Some people have long periods with few or no symptoms. Others feel it for months at a time in an. Introduction To Juvenile Rheumatoid Arthritis Nursing Essay. Print Reference this.
Disclaimer: Introduction to Juvenile Rheumatoid Arthritis.
A new term for JRA has recently gained popularity–juvenile idiopathic arthritis (JIA). Idiopathic is a medical adjective which means when something happens spontaneously or without known cause.
Juvenile Arthritis Essay. Written by Paula Hall. The article titled "Juvenile Idiopathic Arthritis: Symptoms and Diagnosis" by Jane Kelly talks about the symptoms such as, painful, stiff children suffering from Juvenile Rheumatoid Arthritis.
Juvenile rheumatoid arthritis (JRA) is the most common chronic rheumatologic disease in children and is one of the most common chronic diseases of childhood. * Systemic-onset juvenile idiopathic arthritis Rheumatoid Arthritis Essay Rheumatoid Arthritis Rheumatoid arthritis is a chronic syndrome that is characterized by inflammation.
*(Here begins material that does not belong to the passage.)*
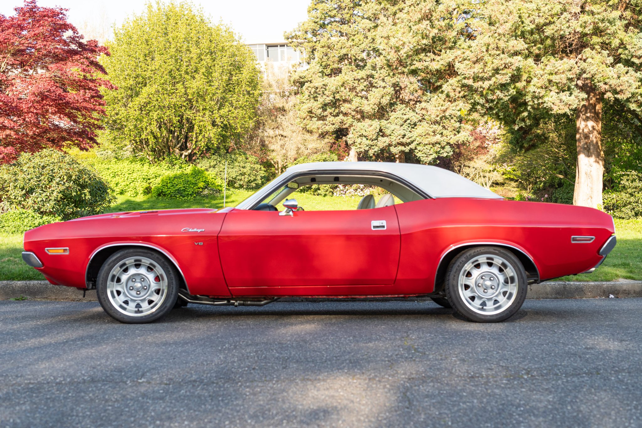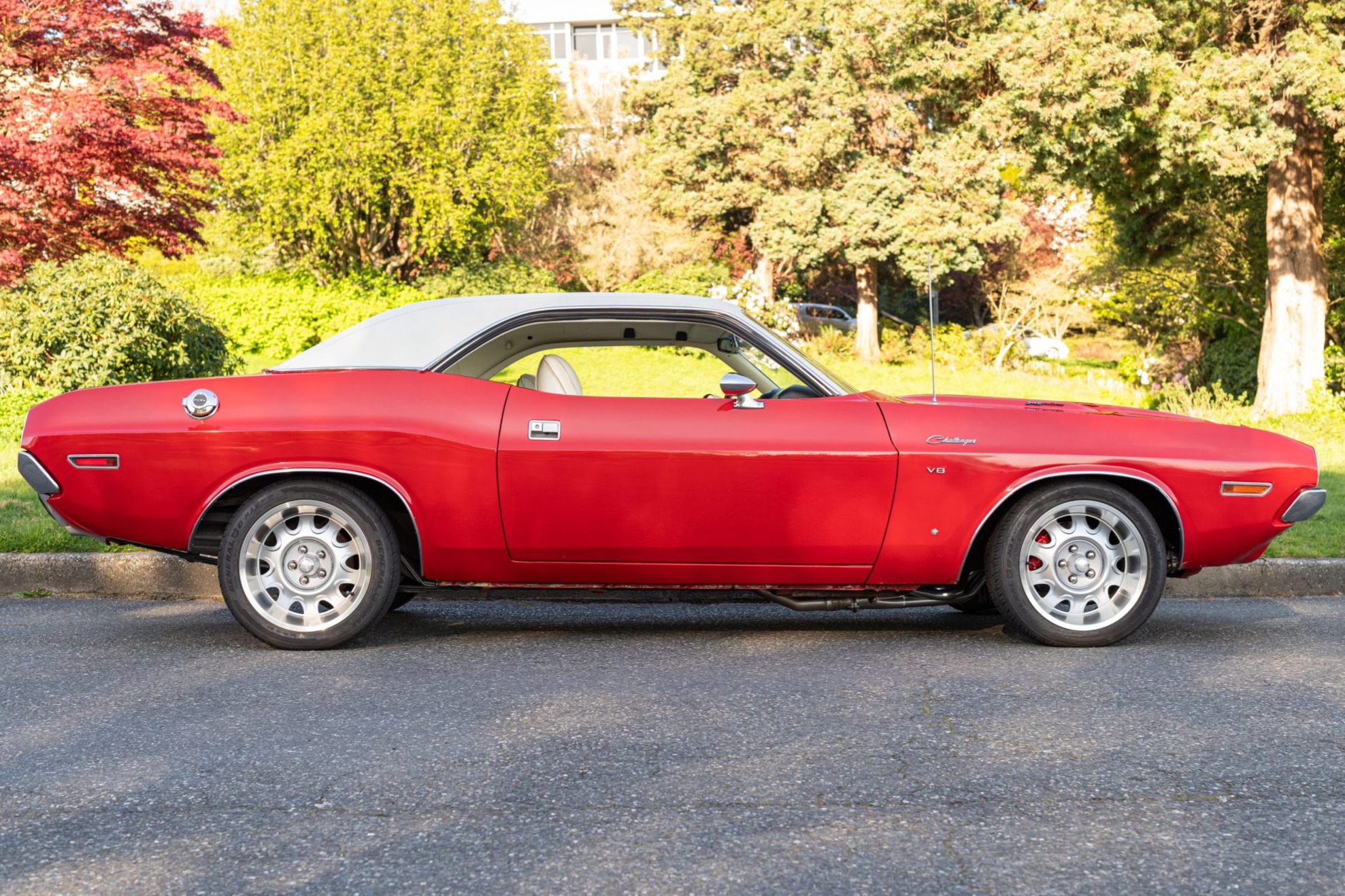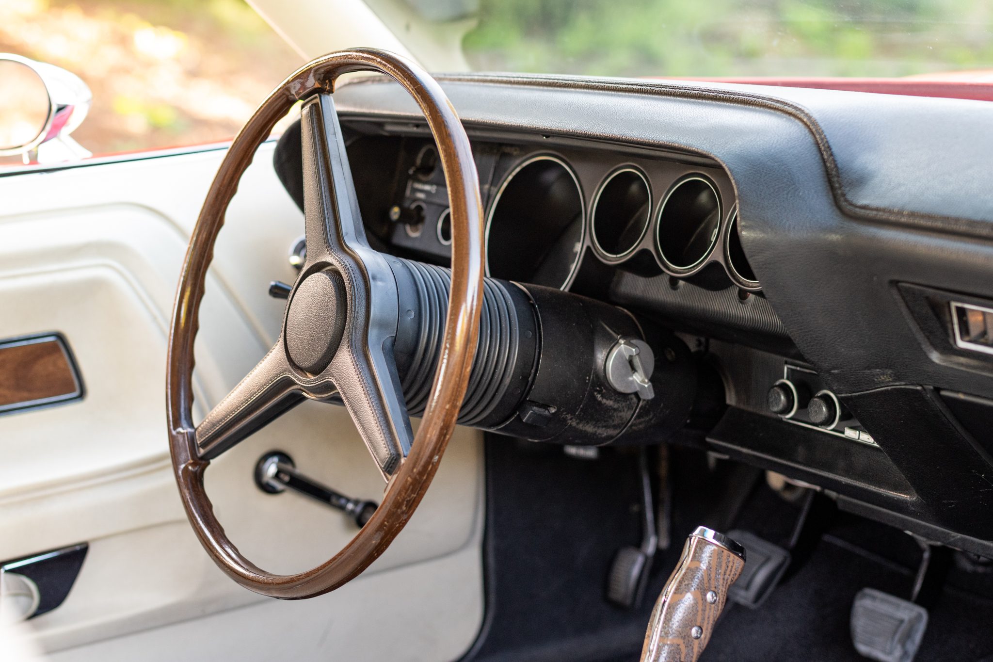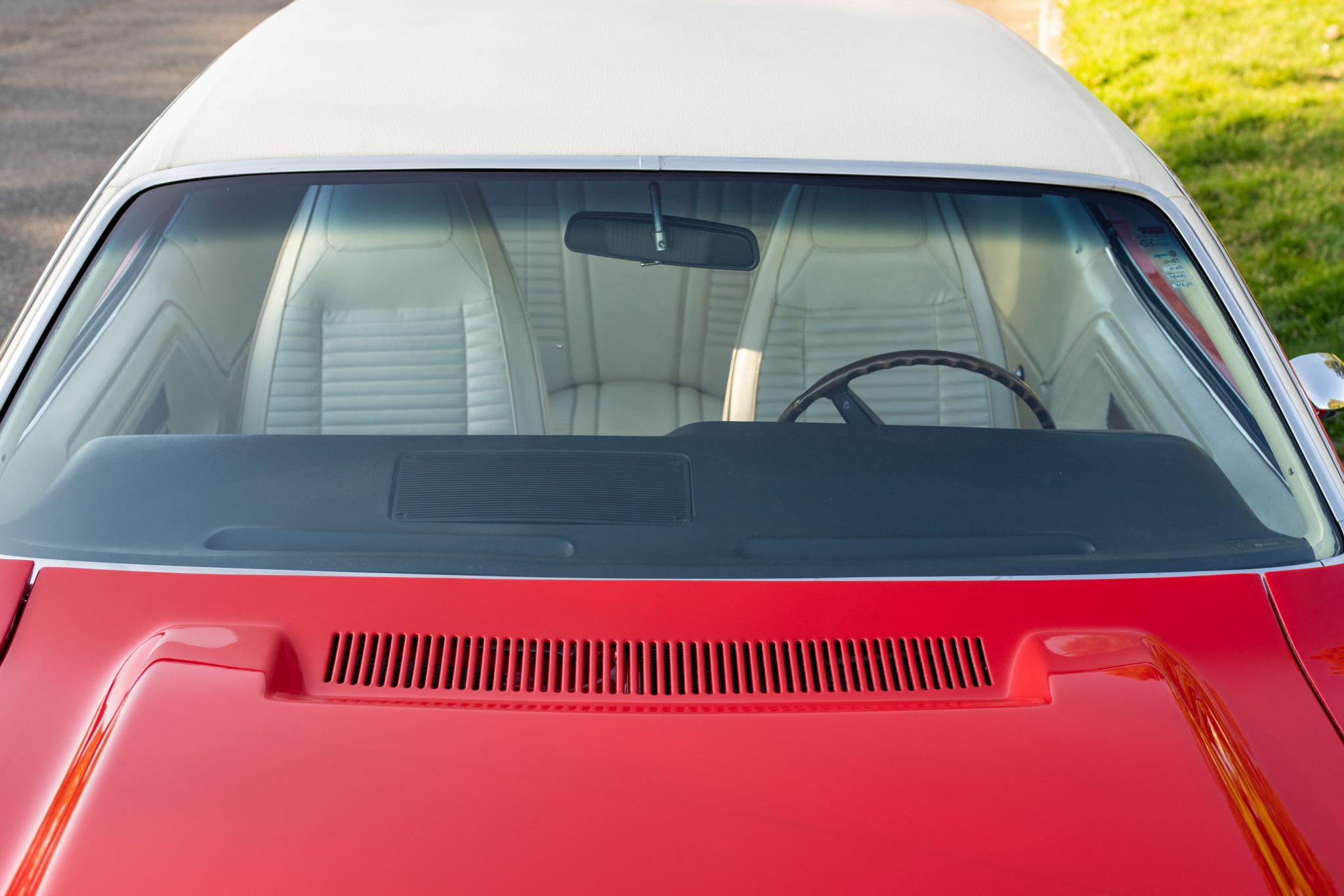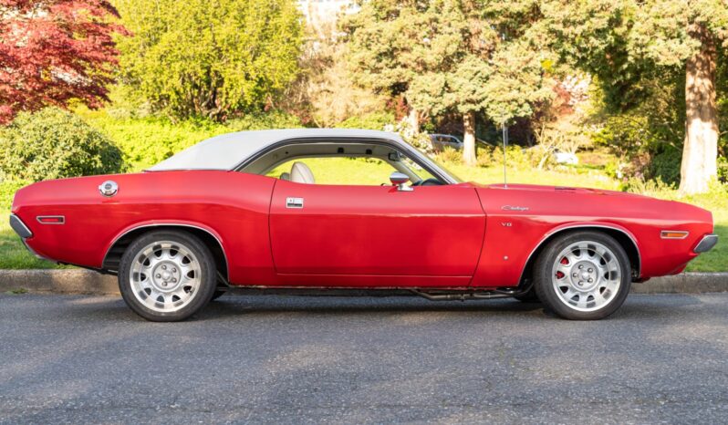 A replacement white vinyl roof cover was installed and the trunk floor was repaired in 2015, and a 5.7-liter Gen-III Hemi V8 was installed in 2020 along with a Tremec five-speed manual transmission and an AlterKtion front suspension system with coilovers and rack-and-pinion steering. The interior is trimmed in white vinyl with black carpeting and equipped with a center console, a pistol-grip shifter, an AM/FM radio, and air conditioning. Additional modifications include an aluminum radiator, full-length headers, MagnaFlow mufflers, Wilwood front disc brakes, and 17″ Rallye wheels

Arthritis can be short-term — lasting for just a few weeks or months, then going away forever — or it can be chronic and last for months or years. In about half of cases, it can last a lifetime.
The most prevalent form of juvenile arthritis is juvenile idiopathic arthritis (JIA) (also known as juvenile rheumatoid arthritis, or JRA). It is.
If you have the symptoms of rheumatoid arthritis, such as pain, swelling, and stiff joints, your doctor may use the rheumatoid factor blood test to help diagnose it. This is a simple blood test.